Маршал F собрал правление дачного кооператива, состоящее из генералов, не ниже генерал-полковника. И этот филиал генерального штаба постановил: генерал-майору G перенести сортир в глубину собственного участка.
Когда я вспоминаю эту историю, мне всегда кажется, что это правление должно напоминать знаменитую картину «Совет в Филях». И хотя маршал F не был одноглазым, но, как все маршалы, он был похож на Кутузова. Только место девочки на печи остается вакантным.
Куда было деваться нашему завкафедрой после маршальского указа? Но жаль ему было так бездарно потерять все то дерьмо (а для настоящего дачника – удобрение), что собралось за многие годы под его «очком». И он решил направленным взрывом ровно разбросать говно по грядкам, причем именно на тех, где жена собиралась высаживать клубнику. Как лучший специалист в стране, более того, автор формулы расчета направленного взрыва, он все знания о собственном сортире в нее включил. Главной компонентой формулы считался удельный вес родного дерьма. Ночью по-партизански грянул взрыв… Утром вице-адмирал проснулся от страшного крика вице-адмиральши, напоминавшего морской ревун. Ее голос от нежных тремоло в девичестве до нынешнего тревожного рева менялся постепенно, точно в соответствии с присвоением очередного звания мужу.
Вице-адмирал выглянул в окно спальни и увидел, что вся его терраса ровным слоем покрыта говном из сортира генерал-майора G, а сам сортир, разбитый на множество фрагментов, лежит у него на цветнике. И сквозь деревянное очко, отброшенное взрывной волной дальше всего, торчит всего одна уцелевшая роза из огромного любимого женой куста роз.

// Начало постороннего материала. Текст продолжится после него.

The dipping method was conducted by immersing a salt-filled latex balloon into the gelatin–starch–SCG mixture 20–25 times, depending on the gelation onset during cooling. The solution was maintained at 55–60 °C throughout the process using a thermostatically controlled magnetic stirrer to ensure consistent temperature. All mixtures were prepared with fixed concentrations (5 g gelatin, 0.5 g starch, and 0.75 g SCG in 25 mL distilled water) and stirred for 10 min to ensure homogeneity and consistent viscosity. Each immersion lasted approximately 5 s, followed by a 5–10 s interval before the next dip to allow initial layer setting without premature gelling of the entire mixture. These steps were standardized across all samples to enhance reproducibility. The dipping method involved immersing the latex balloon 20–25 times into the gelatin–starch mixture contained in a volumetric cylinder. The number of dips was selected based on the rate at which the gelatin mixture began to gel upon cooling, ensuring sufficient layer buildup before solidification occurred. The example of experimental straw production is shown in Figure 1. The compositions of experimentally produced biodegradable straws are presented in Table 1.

Правление дачного кооператива не сомневалось, что генерал-майор застрелится. Но поскольку сапер ошибается всего лишь один раз в жизни, пистолет для этой цели ему не нужен. Генерал-майор G просто вышел в отставку и, говорят, до кончины, которая вскоре и наступила, все искал ошибку в расчете. Но формулу его не отменили, мы ее заучивали. Страшно подумать, что было бы, если бы нам доверили когда-нибудь чего-нибудь направленно взрывать.

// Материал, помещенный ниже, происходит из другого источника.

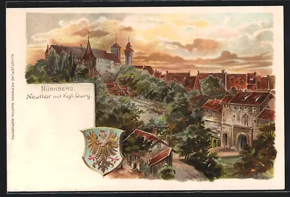 Lithographie Nürnberg, Neutor mit Königlicher Burg, Wappen

Генерал-майор G, потомок чуть ли не генерал-аншефа Жемочкина, похоронен на кладбище Донского монастыря, рядом с мавзолеем князей Голицыных. Чудесные зигзаги постоянно выписывает русская история.
Профессия сапера – вообще опасная профессия, прежде всего для окружающих. В мое время на кафедре служили два полковника с многозначительными фамилиями Коробьин и Холодный. Первого звали Михаил Юрьевич. Он постоянно ставил Витьке Проклову зачет только за то, что у него знаменитая сестра, а себя считал человеком, близким к искусству. Меня он не щадил, поскольку не мог знать, что Лена станет моей женой и бабушкой моей внучки. Я и сам об этом долго не догадывался.
Полковник Петр Макарович Холодный, наоборот, был мне как отец родной. Он любил устраивать взрыв, стоя в трех метрах от взрывчатки с папиросой в зубах. На этом расстоянии взрывная волна поднимается наверх и огибает человека, неважно, в каком он звании. Про себя он говорил: «Я Холодный, но иногда могу быть горячим».
Но самым знаменитым был сменивший генерала G полковник с безобидной фамилией К. В минуты откровения он рассказывал, что в сорок первом заминировал с друзьями из особой сверхсекретной воинской части всю Москву. «Включая Кремль, – с гордостью говорил он. – И если бы немцы вошли в нашу столицу, мало бы им не показалось! Но немцы в Москву не вошли», – сокрушенно заканчивал он. Я долго считал все его рассказы байками, пока в середине восьмидесятых, в разгул гласности, не выяснилось, что карты заминированных достопримечательностей столицы утеряны, и где сколько еще осталось зарядов, никто не знает. Позже, при реконструкции Большого театра, обнаружили одну из секретных закладок взрывчатки!
Тут мы подошли к «Священной агоре», которая никогда не пустовала, и послали стоять в очереди самого неавторитетного из нашей компании – Огрызкова. Никто же не подозревал, что Гена станет священником и возглавит приход церкви Малого Вознесения на Большой Никитской, точно напротив консерватории.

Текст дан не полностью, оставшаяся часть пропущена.